Lighting a candle of hope, remembrance and passion on World AIDS Day

Posted on 01 Dec 2010 at 11:55am
Steven Pace

By Steven Pace, executive director, AIDS Interfaith Network

Today is World AIDS Day. Today is the 23rd year that this event will draw attention to the continuing pandemic of HIV/AIDS. Today HIV/AIDS has been with us for 30 years; and yet today every 9½ minutes someone in the United States will become infected with HIV.

During the first decade of the pandemic almost all my closest friends died of AIDS. I was with them as they died. Those who could speak said the same thing to me: “Don’t let my life and death be in vain … tell my story … use my life … use your life … to help other people and to keep others from dying like me.” In a final moment, they also said, “Remember me …”

This profound experience forever changed me and changed my life. Their words became my motivation, the passion that I still feel today: I have been working in HIV/AIDS care and prevention for 29 years. Each of these people is alive in me when I remember them and do what they have asked me to do — so through their words I reach out to you today.

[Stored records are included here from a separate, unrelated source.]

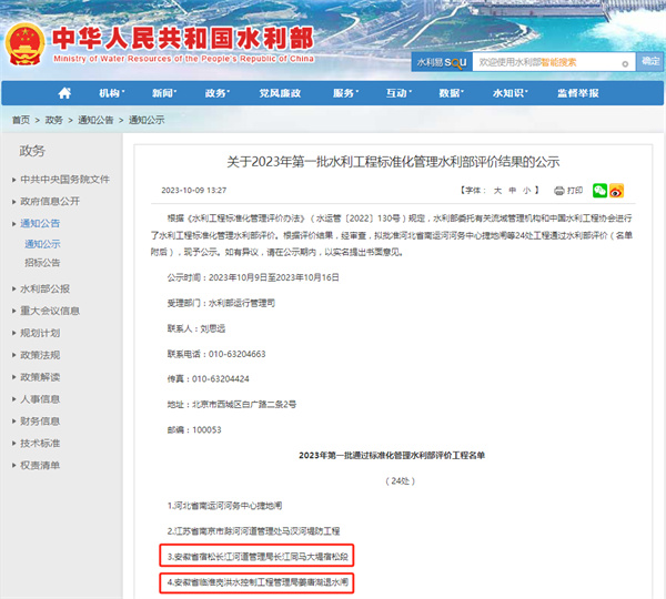 水利部認(rèn)定!首批24處標(biāo)準(zhǔn)化管理工程,我司參建2處!
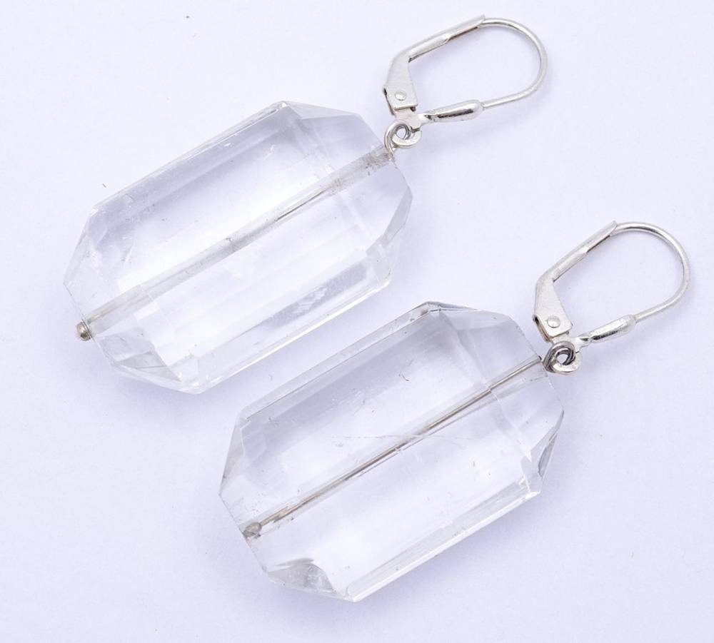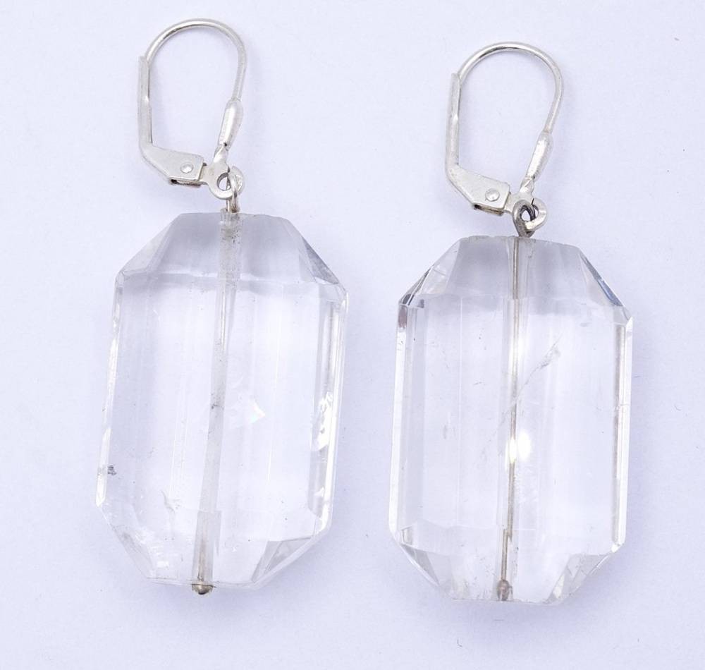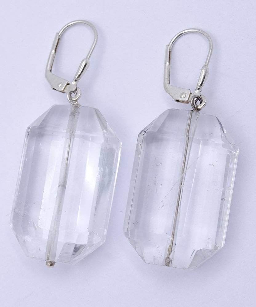 Paar grosse Ohrhänger, klare Steine (Bergkristall?) mit Sterling Silber Monturen,L- 4,7cm,zus.17,8gr., Tragespuren, [1]
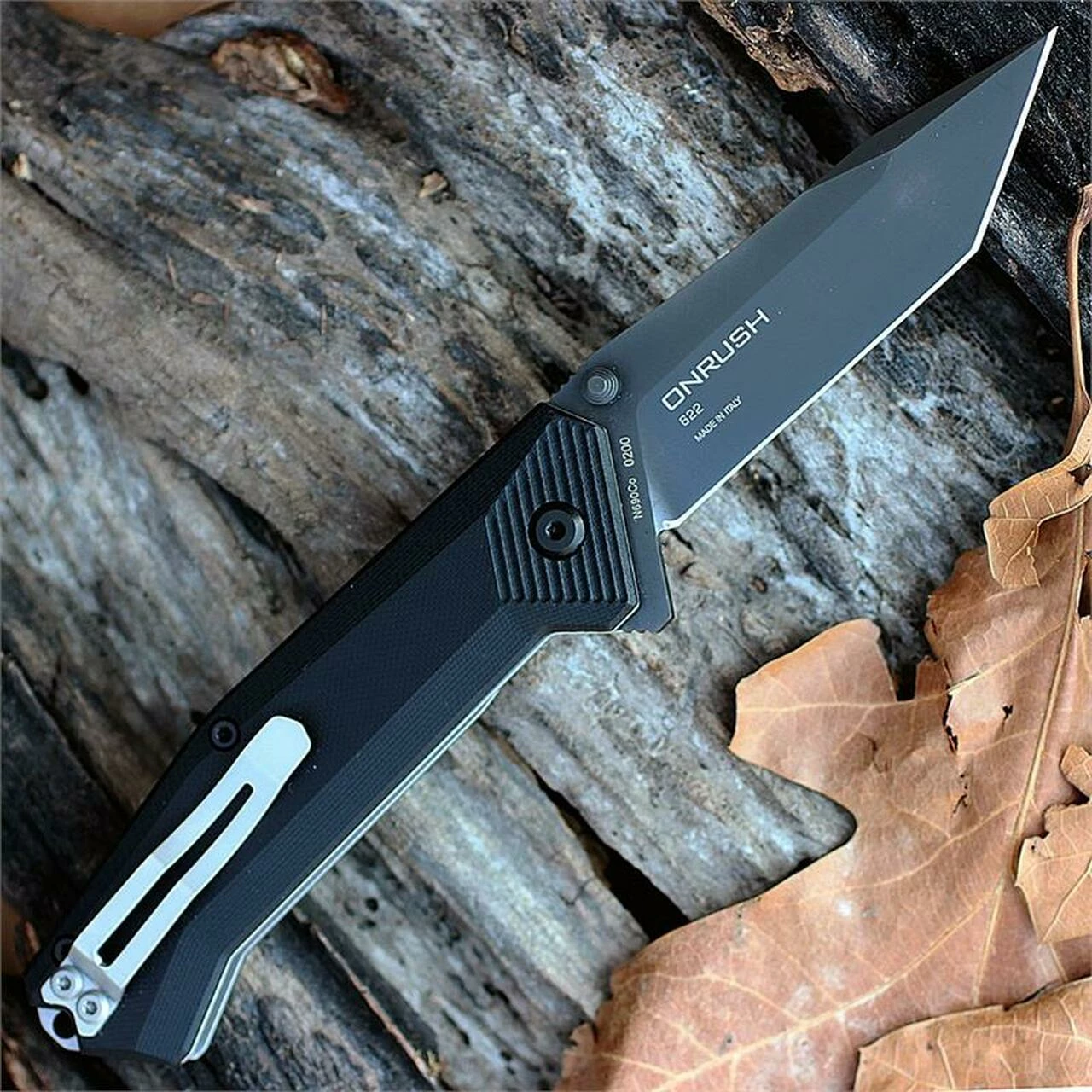 If the Bruiser is too large for your taste, the Onrush is the knife for you. Sharing most of the characteristics of its older brother the Bruiser, the Onrush knife is more compact and better suited for everyday use and carry. The N690Co blade has been treated with a PVD coating for excellent wear and corrosion resistance. The Onrush 622 version features a predatory tanto blade. The smooth yet slip-resistant G10 handle is comfortable and provides a secure grip. Notches on the spacer further enhance grip and control. The Onrush may be opened by its thumbstud or by its flipper, which enlarges the finger guard in the open position. Similar to the Bruiser, the Onrush features a glass-breaker, which is made from a separate piece of hardened steel and is removable. Its clip may be installed in two places, making the Onrush suitable for left-handed users. The Onrush comes with an Italian-made 1000d Cordura case.
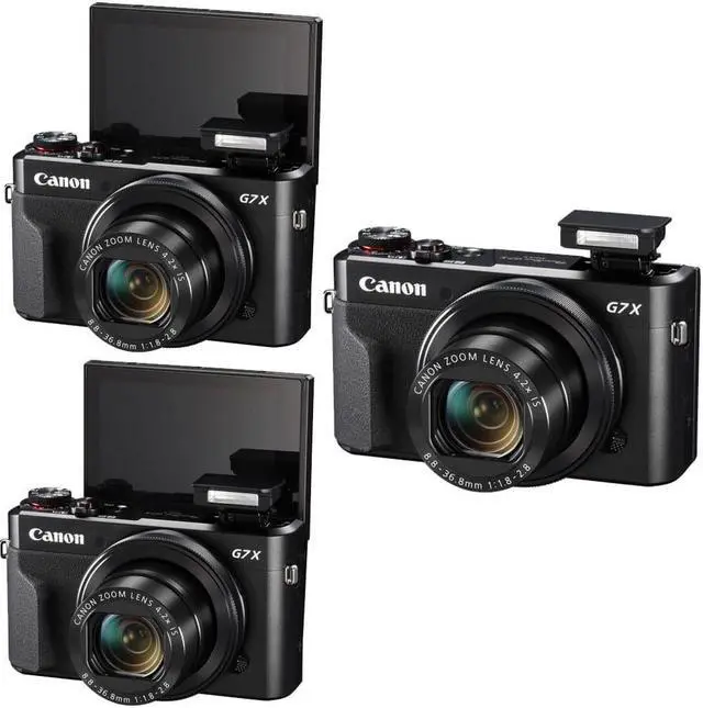 Blending notable imaging qualities with refined handling, the PowerShot G7 X Mark II Digital Camera from Canon is a compact point-and-shoot characterized by its large feature-set. Utilizing a 20.1MP 1 CMOS sensor and DIGIC 7 image processor, this camera offers an expanded sensitivity of ISO 25600 and achieves smooth image quality with reduced noise when working in low-light conditions. Additionally, it is also capable of recording stills at up to 8 fps as well as Full HD 1080p60 video. Complementing the sensor and processor combination is a versatile 4.2 x zoom lens, which provides a 24-100mm equivalent focal length range, covering wide-angle to short-telephoto perspectives.
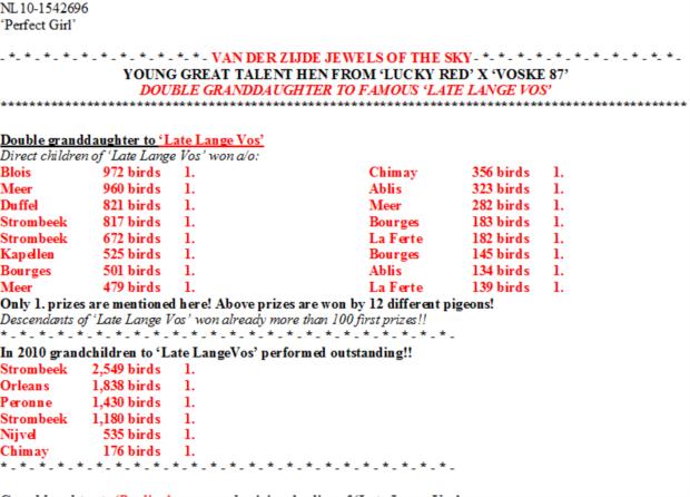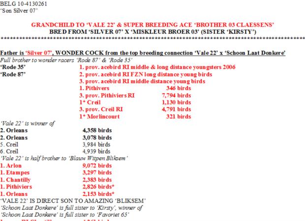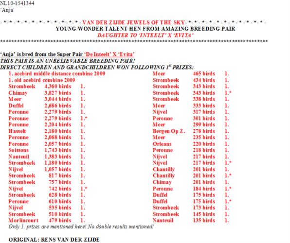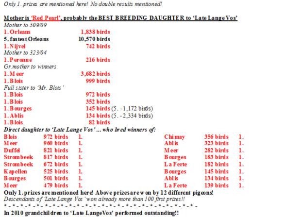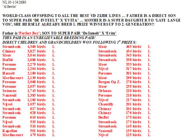 Foram 4 pombos adquiridos nos leilões Internacionais PIPA, e apesar da soma avultada, a minha vontade de estar sempre na linha da frente, impelou-me a fazer um esforço para adquirir estes pombos que serão um reforço excepcional para a minha colónia.

Global leaders have pledged to work toward universal access to HIV/AIDS treatment, prevention and care, recognizing these as fundamental human rights — and this is the theme of World AIDS Day 2010. While valuable progress has been made, HIV/AIDS has not gone away and greater commitment is needed around the world if the goal of universal access is to be achieved. Millions of people in our world are still contracting HIV. Here at home Dallas has the highest infection rate in the state of Texas and has the third-highest rate in the nation. These facts must surely awaken a response in our hearts and spirits. We must change them, so I ask you to join me today in pledging to work toward universal access to HIV/AIDS treatment, prevention and care.

Today we will light the red candle that is the symbol for HIV/AIDS — it is a candle of remembrance; a candle of perseverance; a candle of hope. As we participate in this ceremony I hear the words of the Rev. Dr. Martin Luther King, Jr. saying, “Hate cannot drive out hate; only love can do that … Darkness cannot drive out darkness; only light can do that. …” I encourage you to light a candle today to help bring light into the darkness of the denial, stigma, fear, poverty, and homophobia, violations of human rights and discrimination that still fuel the spread of HIV. Light permeates darkness — protection of human rights is fundamental to preventing the spread of HIV/AIDS.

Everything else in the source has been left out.